One of the greatest setbacks with the current method of SN uptime, and disqualification related to it, is that it does not take into account that all nodes are not equal. Factors that differentiate nodes from each other:

  1. Age of node
  2. Amount of data currently stored on the node
  3. Audit history reputation
  4. Network quality of service (is this a highly used node due to geographic location and response time?)
  5. Node escrow balance

While each of the above factors should not be weighted the same, they need to be taken into consideration when calculating the disqualification threshold. Setting the threshold too high does create a situation where certainty of available datasets becomes looser, while setting the threshold too low could cause extremely high node churn and could become costly for the network.

For an example, let us use “Node A” and “Node B” with configurations as follows:

-Node A-
Age: 6 months
Disk used: 20TB
Egress: 1TB

-Node B-
Age: 2 months
Disk used: 500GB
Egress: 30GB

Node A has much more at stake than Node B as they have a much greater vested interest to keep their node up “at all costs” in order to avoid becoming disqualified since Node A’s escrow balance is fuller; plus avoiding going through the full process of setting up and building ‘used disk’ on another node. There are some circumstances where availability of the node cannot be guaranteed by the operator, such as a regional network outage. Additionally, instantly disqualifying both nodes in such an instance creates a monetary loss for the network as it now needs to pay other nodes for 20.5TB of repair traffic; $205 in this situation. Unless enough time has gone by for Node A’s escrow balance to hold $200, this has now become a loss to the network.
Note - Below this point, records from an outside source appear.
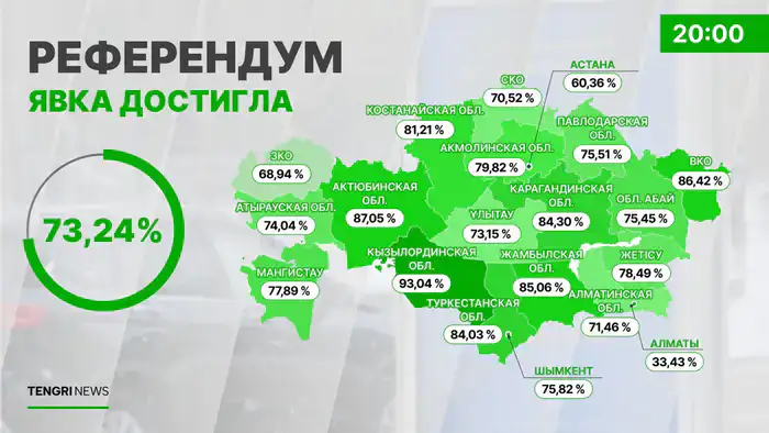 За весь период голосования с 07:00 до 20:00 бюллетени получили 9 126 850 казахстанцев, что составило 73,24 процента от числа граждан, имеющих право на голосование. Итоги о явке избирателей озвучил заместитель председателя Центральной комиссии референдума Мухтар Ерман.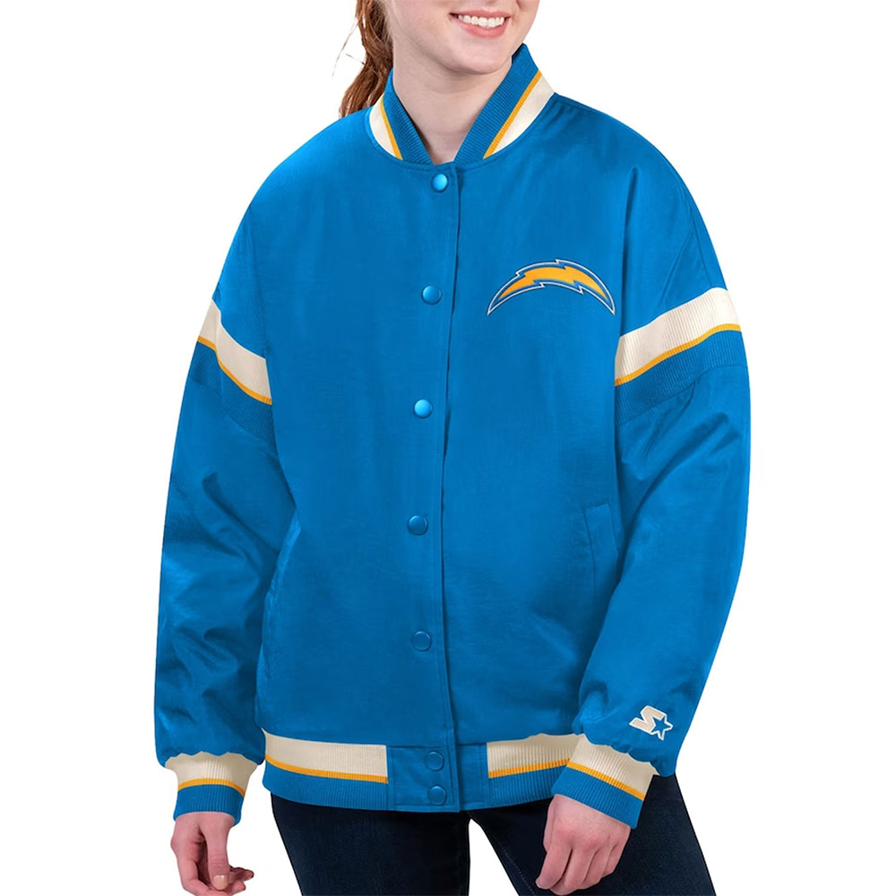 Powder Blue Los Angeles Chargers Tournament Varsity Full-Snap Satin Jacket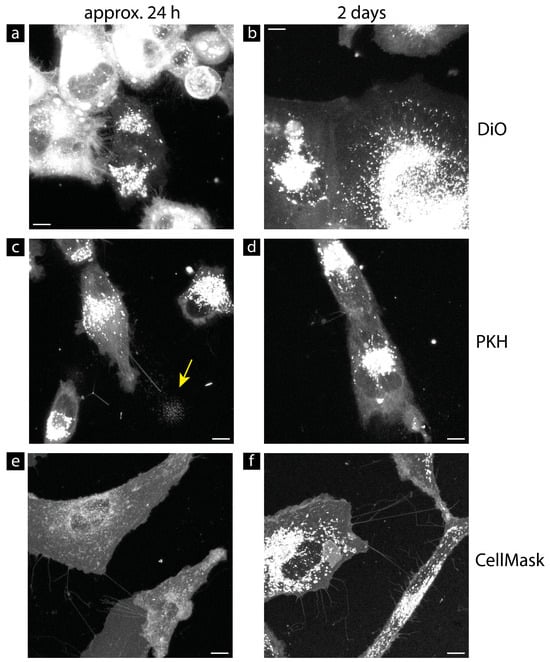 Remaining staining results one day and two days after labeling of DiO (a,b), PKH (c,d), and CellMask™ Plasma Membrane (e,f) in U87 cells. The main problem with DiO and PKH is the inhomogeneous labeling. After 24 h, there are some cells labeled with DiO whose plasma membrane is barely visible (a). The same problem occurs with PKH. After 21 h, some cells are hardly visible, and only some vesicles are visible ((c), yellow arrow). The internalization of the dye increases the signal of the vesicles inside the cells, so that after 2 days, the vesicles are completely overexposed, while the plasma membrane shows only a very weak signal (b,d). The internalization of the CellMask™ Plasma Membrane stains is slower compared to DiO and PKH. (e) At 26 h after the labeling with CellMask™ Green Plasma Membrane. (f) At 2 days after the labeling with CellMask™ Orange Plasma Membrane, the membrane as well as small membrane structures such as filopodia and TNTs are still well visible, and also the SNR is still good. All images are maximum projections of confocal images. Brightness and contrast were not adjusted. Scale bar: 10 µm.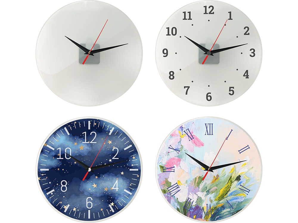 Часы предназначены для нанесения циферблата на стекло по индивидуальному дизайну с помощью технологии цифрового термотрансфера: на оборотную сторону циферблата заводским способом нанесена специальная пленка. Изображение печатают на обычной глянцевой бумаге, а затем закрепляют на циферблате термопрессом — пленка плавится, и бумага с печатью плотно припаивается к стеклу.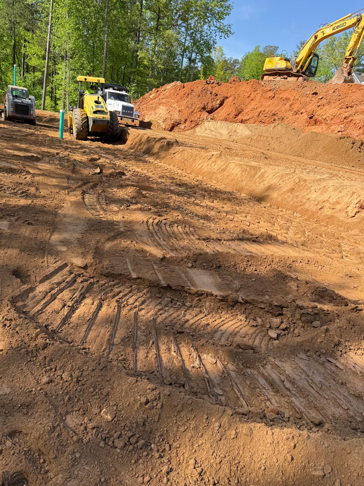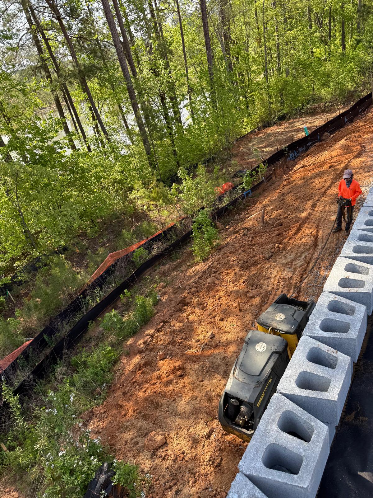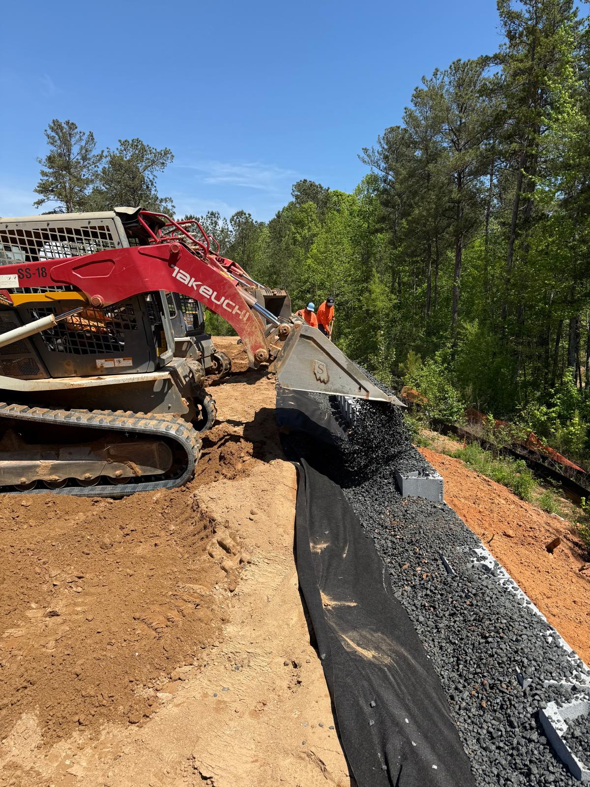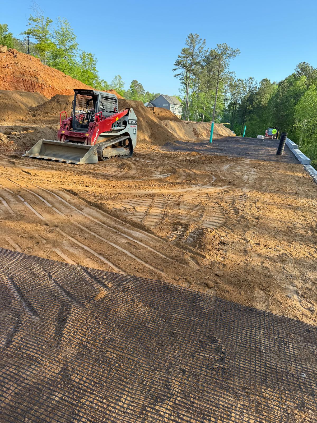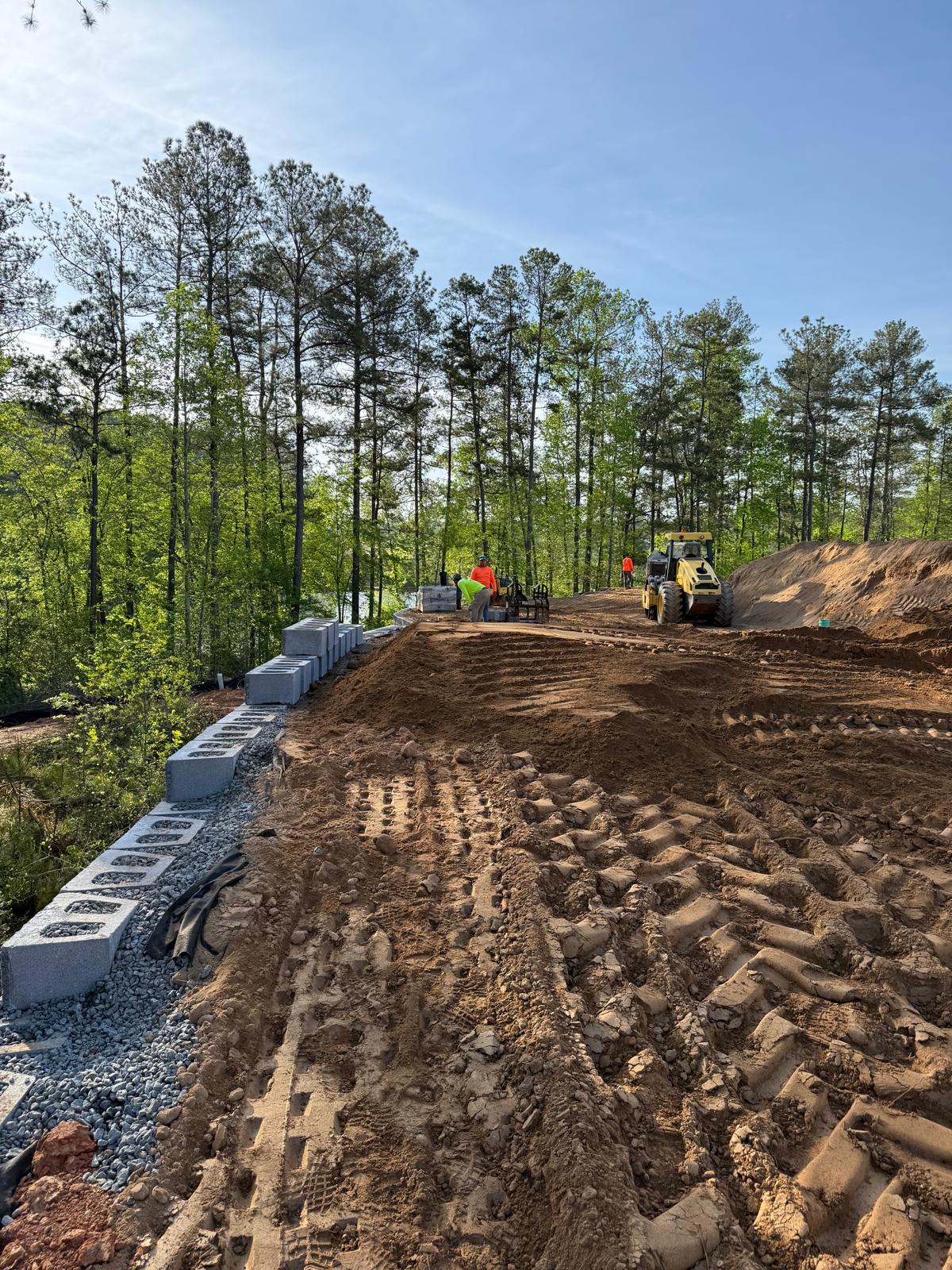Focusing on backfilling and compaction operations behind the newly installing retaining wall structure along Lots #224–3229, Following the drainage installation, the next layer of backfill was placed over the previously installed geogrid reinforcement sheet, in preparation for subsequent compaction. Excavation and placement of fill material was conducted using a Kobelco 310LC excavator and transported on site with a CAT 750 dump truck. Subsequent to placement, two Takeuchi TL12R2 Bobcats were used to distribute the fill uniformly along Lots #224–3229. Once the fill was evenly spread, compaction was carried out using a Bomag BW211 sheep foot compactor roller.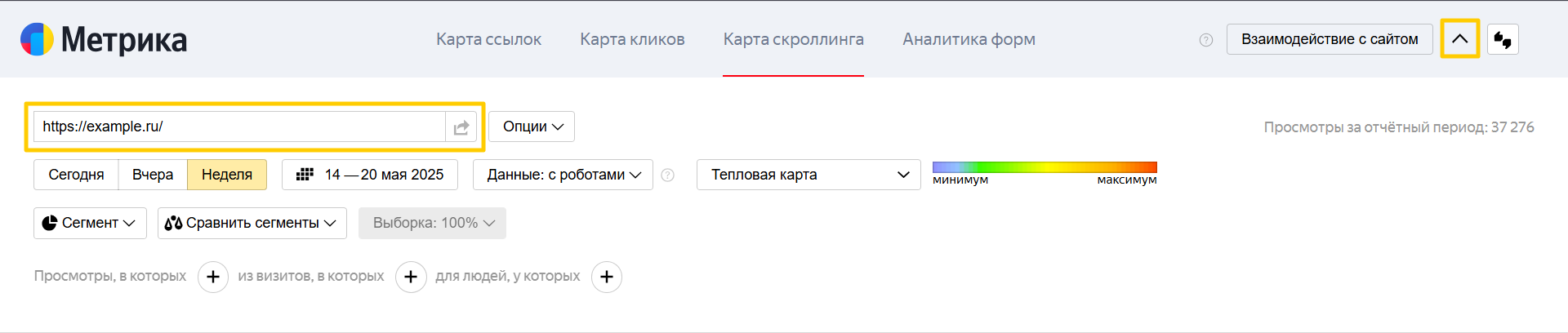 Карта будет отображена на наиболее популярной странице сайта, URL которой соответствует указанному условию. Числовые показатели (среднее время и количество просмотров) будут являться объединенными для всех страниц, соответствующих условию.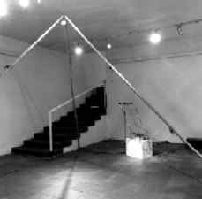 La figure imaginaire a trois dimensions reliant l'emetteur aux trois recepteurs a la forme d'un tetraedre. L'espace sorcier est symbolyse par deux cercles concentriques qui visualisent les spheres inscrites et circonscrites par le tetraedre. Des que le cercle est penetre, l'installation commence a fonctionner et le mouvement devient sonore.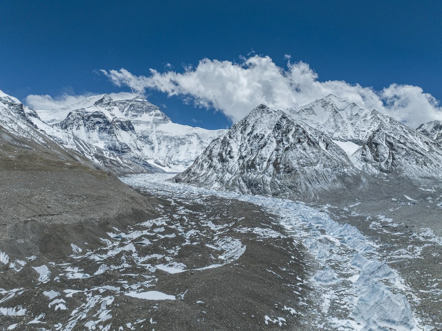 This aerial photo taken on May 15, 2023 shows Central Rongbuk glacier at the foot of Mount Qomolangma, southwest China's Tibet Autonomous Region. With the east, central, and west branches, Rongbuk glacier is the biggest and most famous compound valley glacier at the foot of Mount Qomolangma. (Xinhua/Sun Fei)

With the above in mind, in the current model, since ingress traffic is ‘free’ (and there will be situations where free storage is provided to encourage network adoption), this sets the precedence for an attack on the network which encourages nodes to be set up while ‘free data’ is uploaded to the network and then dropping the new nodes; causing the remaining nodes to obtain monetary benefit through network repair traffic. The only workaround I can think to this solution is to prioritize ‘free storage’ traffic to older vetted nodes.

Clearly, the benefits of preserving nodes with high ingress/egress throughput rates and capacities do not need to be spelled out here. This needs to be calculated into the node disqualification threshold. (Note: throughput rate needs to be validated from the satellite side. Historical transfer information may be the best measure for total capacity. These two need to be mutually exclusive measurements.)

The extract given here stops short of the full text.